GOAL OF THE EXERCISE —
Every line from the one with "Yandan Yirtmaçli Oversize Panço Triko Kazak" up to and including the one with "本文標簽: 籃球 NBA 詹姆斯" is to be output exactly as it appears below; pictures are not.

DATA PROVIDED —
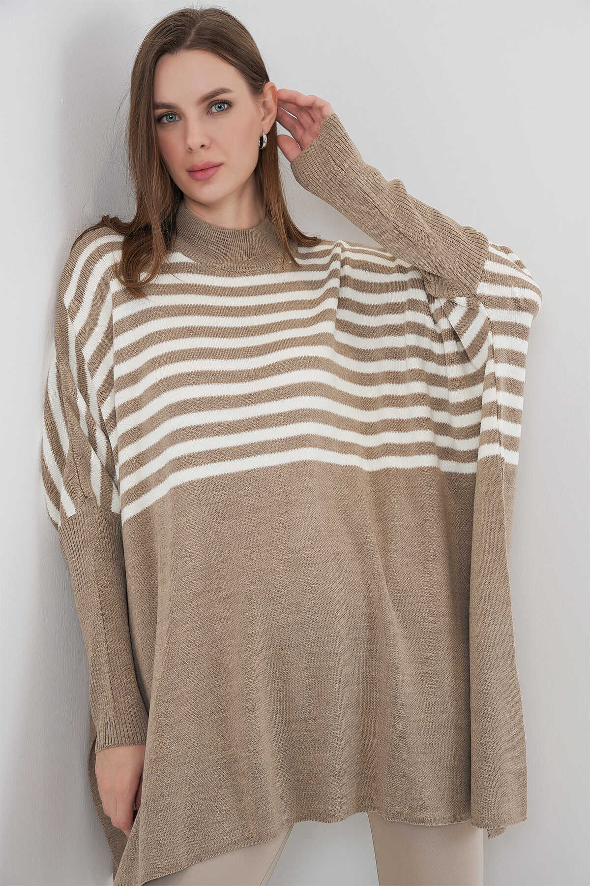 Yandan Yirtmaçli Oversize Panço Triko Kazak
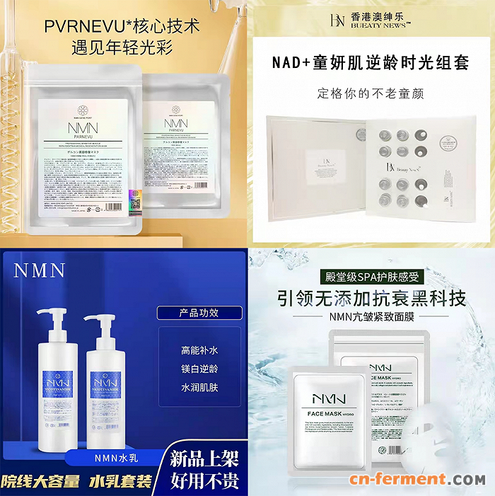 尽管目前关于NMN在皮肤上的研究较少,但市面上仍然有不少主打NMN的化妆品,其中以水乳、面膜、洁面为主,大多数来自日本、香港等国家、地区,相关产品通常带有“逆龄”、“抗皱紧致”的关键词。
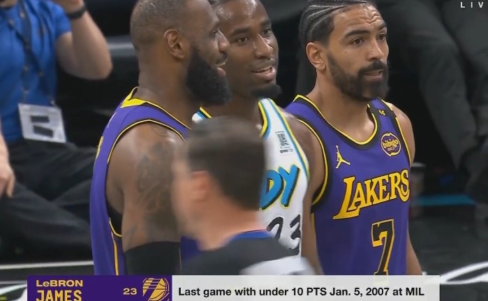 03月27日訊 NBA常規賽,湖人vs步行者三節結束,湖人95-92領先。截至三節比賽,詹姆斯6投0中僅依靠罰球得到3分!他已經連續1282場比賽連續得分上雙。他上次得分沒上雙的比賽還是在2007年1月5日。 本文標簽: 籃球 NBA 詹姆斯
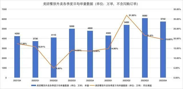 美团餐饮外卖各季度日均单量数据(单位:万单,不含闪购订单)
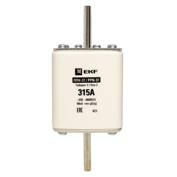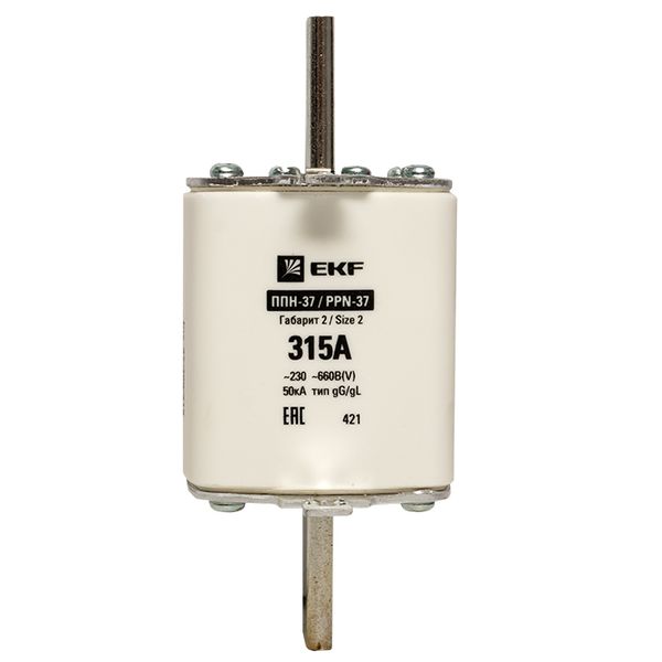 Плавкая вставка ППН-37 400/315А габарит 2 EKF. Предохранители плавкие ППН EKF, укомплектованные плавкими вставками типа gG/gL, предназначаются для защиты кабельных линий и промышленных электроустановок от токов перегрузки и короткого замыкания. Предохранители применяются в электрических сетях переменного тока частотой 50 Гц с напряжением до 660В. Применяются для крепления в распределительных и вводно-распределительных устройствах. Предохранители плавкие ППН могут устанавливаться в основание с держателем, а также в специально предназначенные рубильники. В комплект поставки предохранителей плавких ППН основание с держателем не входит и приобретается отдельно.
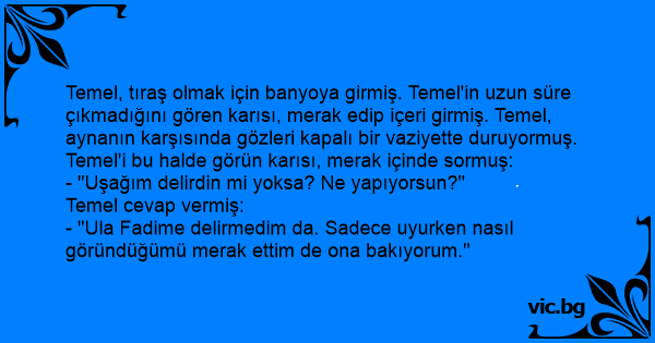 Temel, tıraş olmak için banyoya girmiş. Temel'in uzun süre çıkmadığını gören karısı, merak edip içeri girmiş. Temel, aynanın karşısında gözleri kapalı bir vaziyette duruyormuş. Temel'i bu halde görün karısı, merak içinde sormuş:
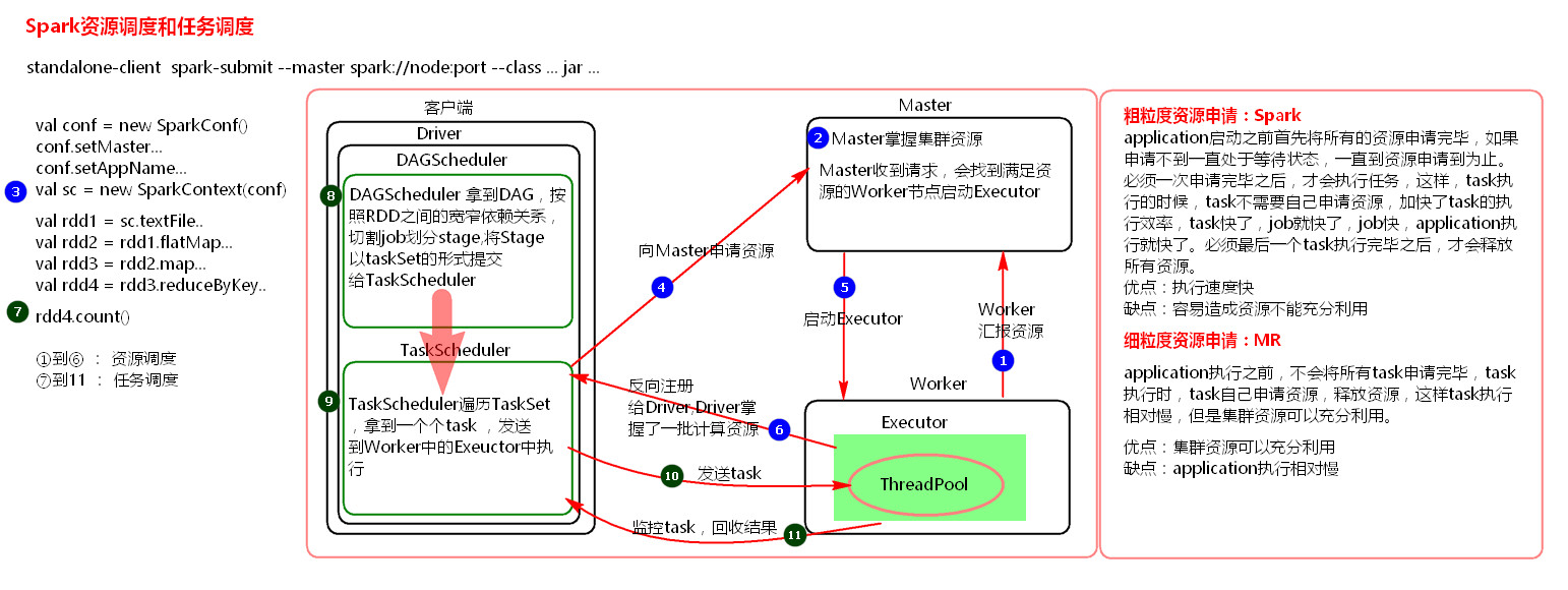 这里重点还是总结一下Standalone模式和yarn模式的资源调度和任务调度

...

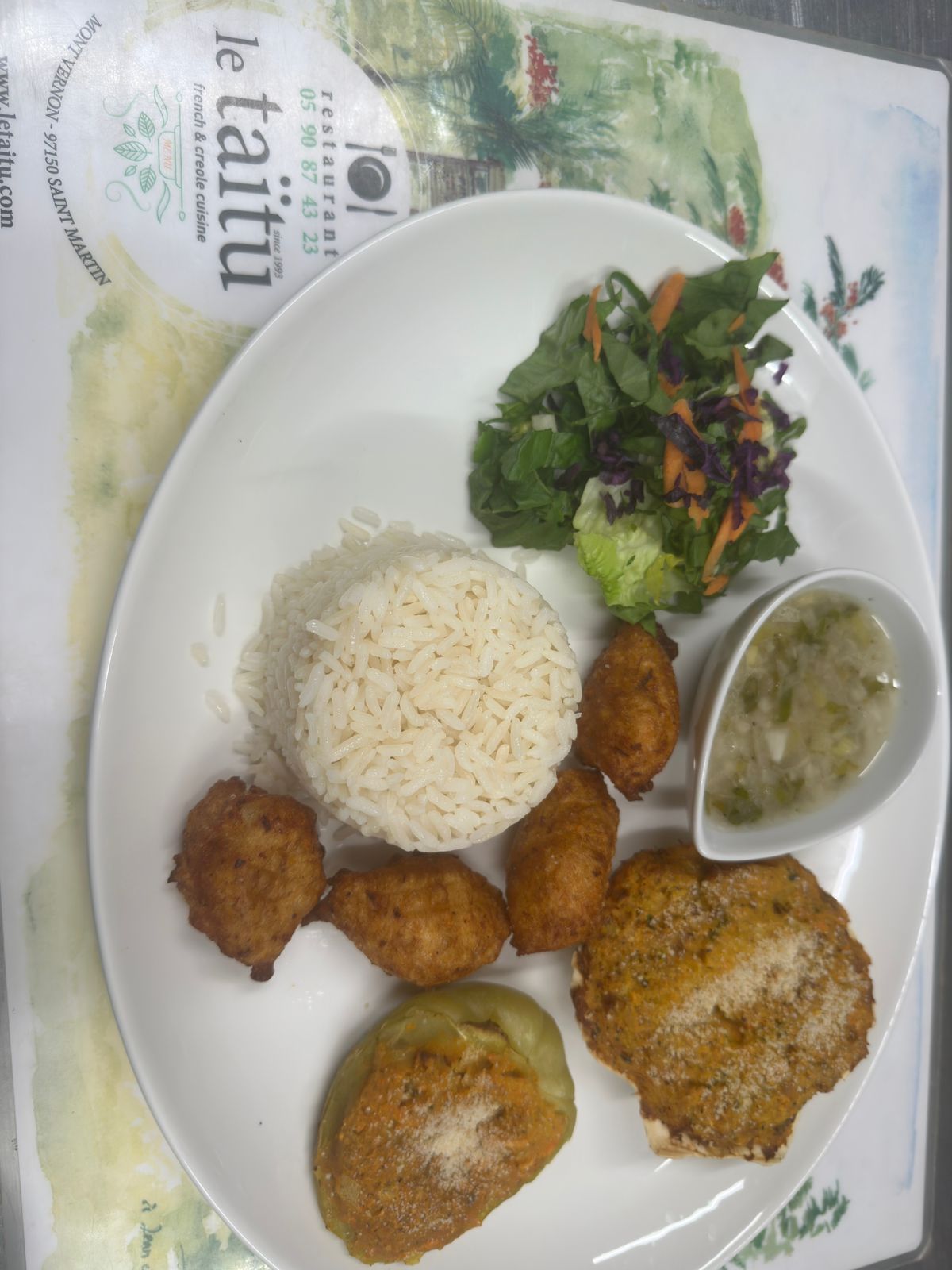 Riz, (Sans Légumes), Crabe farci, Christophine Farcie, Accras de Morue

...

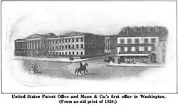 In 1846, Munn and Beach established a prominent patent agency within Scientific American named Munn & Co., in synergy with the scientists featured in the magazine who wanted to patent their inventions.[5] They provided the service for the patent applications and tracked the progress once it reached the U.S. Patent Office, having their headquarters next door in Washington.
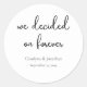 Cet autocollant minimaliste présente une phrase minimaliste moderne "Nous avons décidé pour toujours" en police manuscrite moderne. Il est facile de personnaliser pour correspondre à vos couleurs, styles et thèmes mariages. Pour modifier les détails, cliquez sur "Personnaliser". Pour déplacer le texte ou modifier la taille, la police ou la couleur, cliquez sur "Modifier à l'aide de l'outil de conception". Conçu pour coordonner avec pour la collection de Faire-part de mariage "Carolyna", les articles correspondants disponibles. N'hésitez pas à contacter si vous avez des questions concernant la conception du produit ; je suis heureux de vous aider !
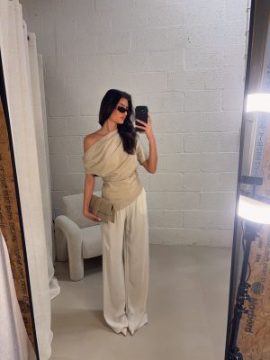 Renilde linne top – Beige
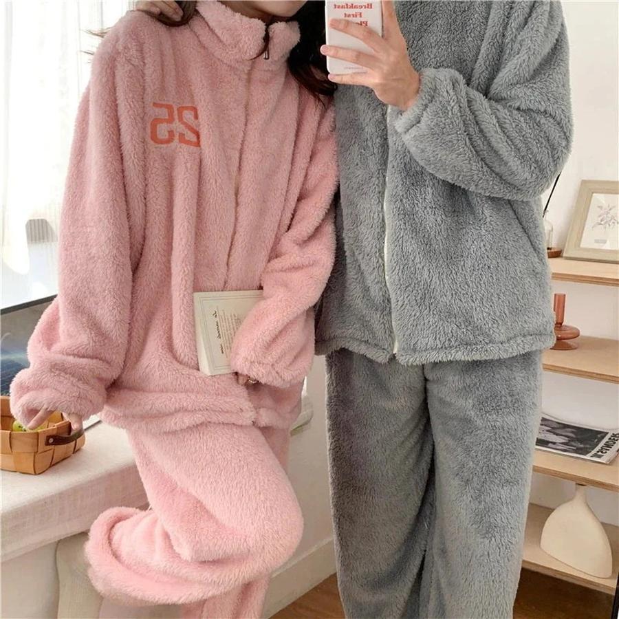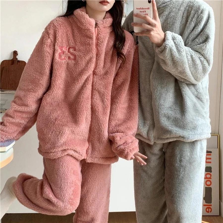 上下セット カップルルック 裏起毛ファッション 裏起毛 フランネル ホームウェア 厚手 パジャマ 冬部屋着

WRITTEN ANSWER —
 Yandan Yirtmaçli Oversize Panço Triko Kazak
 尽管目前关于NMN在皮肤上的研究较少,但市面上仍然有不少主打NMN的化妆品,其中以水乳、面膜、洁面为主,大多数来自日本、香港等国家、地区,相关产品通常带有“逆龄”、“抗皱紧致”的关键词。
 03月27日訊 NBA常規賽,湖人vs步行者三節結束,湖人95-92領先。截至三節比賽,詹姆斯6投0中僅依靠罰球得到3分!他已經連續1282場比賽連續得分上雙。他上次得分沒上雙的比賽還是在2007年1月5日。 本文標簽: 籃球 NBA 詹姆斯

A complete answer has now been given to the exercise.